Gettens Robert T T, Gilbert Jeremy L
Department of Biomedical and Chemical Engineering, Link Hall 121, Syracuse University, Syracuse, New York 13244, USA.
J Biomed Mater Res A. 2008 Apr;85(1):176-87. doi: 10.1002/jbm.a.31530.

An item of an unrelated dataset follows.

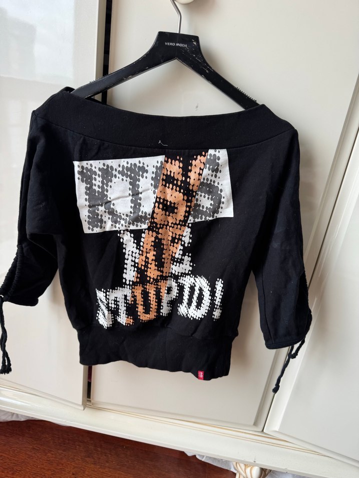 Uzun kollu, yuvarlak yakalı, düğmeli ve baskılı siyah hamile tişörtü. Rahat kesimi ve sokak stili detaylarıyla günlük kullanım için uygun.

Adsorption of the plasma protein fibrinogen onto electrically polarized 316L stainless steel was observed and quantified using both in situ and ex situ atomic force microscopy (AFM) techniques. Significant differences in fibrinogen adsorption were observed across voltages. Ex situ studies showed significantly lower area coverage (theta) and height of adsorbed Fb on cathodically polarized surfaces when compared to anodically polarized surfaces. Conformational differences in the protein may explain the distinctions in Fb surface area coverage (theta) and height between the anodic and cathodic cases. In situ studies showed significantly slower kinetics of Fb adsorption onto surfaces below -100 mV (vs. Ag/AgCl) compared to surfaces polarized above -100 mV. Electrochemical current density data showed large charge transfer processes (approximately 1 x 10(-5) to 1 x 10(-4) A/cm(2)) taking place on the 316L SS surfaces at voltages below -100 mV (vs. Ag/AgCl). These relatively large current densities point to flux of ionic species away from the surface as a major source of the reduction in adsorption kinetics rather than just hydrophilic or electrostatic effects.
采用原位和非原位原子力显微镜(AFM)技术观察并定量了血浆蛋白纤维蛋白原在电极化316L不锈钢上的吸附情况。观察到不同电压下纤维蛋白原吸附存在显著差异。非原位研究表明,与阳极极化表面相比,阴极极化表面上吸附的纤维蛋白原的面积覆盖率(θ)和高度显著更低。蛋白质的构象差异可能解释了阳极和阴极情况下纤维蛋白原表面积覆盖率(θ)和高度的差异。原位研究表明,与极化电压高于 -100 mV(相对于Ag/AgCl)的表面相比,在 -100 mV(相对于Ag/AgCl)以下的表面上,纤维蛋白原的吸附动力学明显更慢。电化学电流密度数据表明,在电压低于 -100 mV(相对于Ag/AgCl)时,316L不锈钢表面发生了较大的电荷转移过程(约1×10⁻⁵至1×10⁻⁴ A/cm²)。这些相对较大的电流密度表明,离子物种从表面的通量是吸附动力学降低的主要来源,而不仅仅是亲水性或静电效应。